This document covers the guidelines, processes, procedures and standards of our information security handling. Any questions or issues, you can reach us at info@yamaindustrials.com. Yama Industrials, Inc. employs industry standards & guidelines for information security compliance, ensuring clients have the highest degree of (TCC) trust, confidence, and consistency in our protection of their data and operations. Our security practices are aligned to the following information and data security compliance guidelines, standards, and best practices, Forrester Zero Trust Model of information security, GDPR (General Data Protection Regulation), NIST (National Institute of Standards and Technology, HIPAA (Health Insurance Portability and Accountability Act), PCI-DSS (Payment Card Industry Data Security Standard), SANS (SysAdmin, Audit, Network, and Security) Institute and ISO/IEC Information Security Management standards.

Personnel Security, Privacy & Security Training

Yama Industrials, Inc.’s guidelines, policies, procedures, and compliance standards apply to all employees/personnel/associates, team members, contractors, sub-contractors, and 3rd parties who make up the Yama Industrials, Inc. workforce. Prior to access to Yama Industrials, Inc. systems & infrastructure, workers and 3rd parties agree to NDA’s and consent to background checks/investigations as needed. Security awareness training is ongoing, including general security awareness, device security, web security, data privacy, physical security, incident reporting, insider threat awareness, reporting requirements, data protection, compliance, and workplace ethics. Upon termination, all access to Yama Industrials, Inc. systems and infrastructure are revoked.

Systems Security

Access to Yama Industrials, Inc. office systems are secured by digital video surveillance, electronic key locks, keyed access, and UTM (Unified Threat Management) systems as needed for the sensitivity of the material handled at the relevant facility. All systems used by team members are configured to compliance standards & guidelines for information security. These standards & guidelines require all systems to be securely configured, scheduled system updates, and security monitoring software. Systems are configured to encrypt relevant data, password authentication, restricted remote access, and lock when idle as needed for the sensitivity of the material handled.

Audits

Yama Industrials, Inc. continuously checks and updates, using independent 3rd party tools, guidelines & systems to assess our policies and procedures.
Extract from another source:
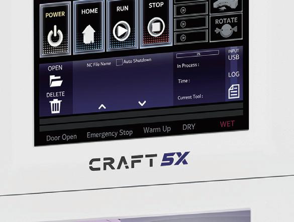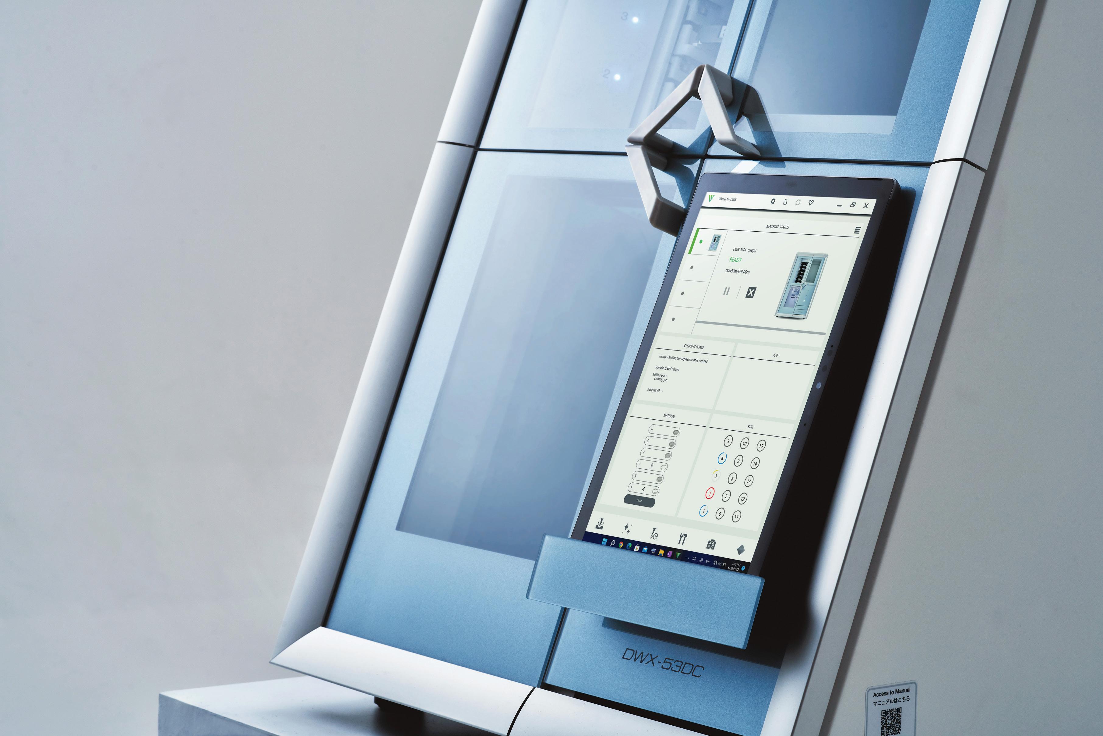 newly designed automatic disc changer. The milling chamber is sealed to keep milling waste away from other areas of the milling device and includes an ionizer to allow easy removal of PMMA milling waste. The DWX-53DC has a built-in camera that links the device with DGSHAPE CLOUD support. Users can view live production from anywhere with a mobile phone or tablet. The camera also provides recorded video, so users can troubleshoot their device and monitor maintenance activities. A new automated cleaning process also takes the work out of removing zirconia dust and waste from the device.

Our processes & guidelines are certified and compliant with both HIPAA, NIST 800-171 and ISO27001. We actively work with our commercial client's security, management, and insurance teams to make sure we address all questions prior to services and product deployment(s).

Network security

Yama Industrials, Inc. incorporates a hybrid-cloud infrastructure that is decentralized, incorporates network-segmentation, micro-segmentation, nano- segmentation and granular perimeter enforcement based on users, their locations, and other data to determine whether to trust a user, machine, or application seeking access to a particular part of the enterprise, in order to protect all internal and external company data and relevant systems. System(s)-only and diagnostics logs are generated, used, and stored in accordance with our zero-knowledge framework, zero-trust architecture, and privacy-by-design security model.

Authorizing access

Yama Industrials, Inc. employs a zero-trust architecture security model when granting systems access in order to minimize the risks of a data breach and insider threat. Yama Industrials, Inc. grants 2FA/MFA secured access to code repositories, billing systems, customer relationship management tools, email servers, and cloud environments as needed.

Authentication

Yama Industrials, Inc. uses multi-factor authentication along with password management authentication on systems where applicable.
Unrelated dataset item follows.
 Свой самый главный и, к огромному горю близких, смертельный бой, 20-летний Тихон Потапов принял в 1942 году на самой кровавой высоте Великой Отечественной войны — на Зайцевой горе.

System monitoring & logging

Yama Industrials, Inc. logs systems access and activities on both production and development environments per compliance standards & guidelines.

Responding to security incidents

All security incidents are processed and logged by (UTM) Unified Threat Management systems and cloud based security automation tools. Our processes & guidelines are certified and compliant with both HIPAA, NIST 800-171 and ISO27001.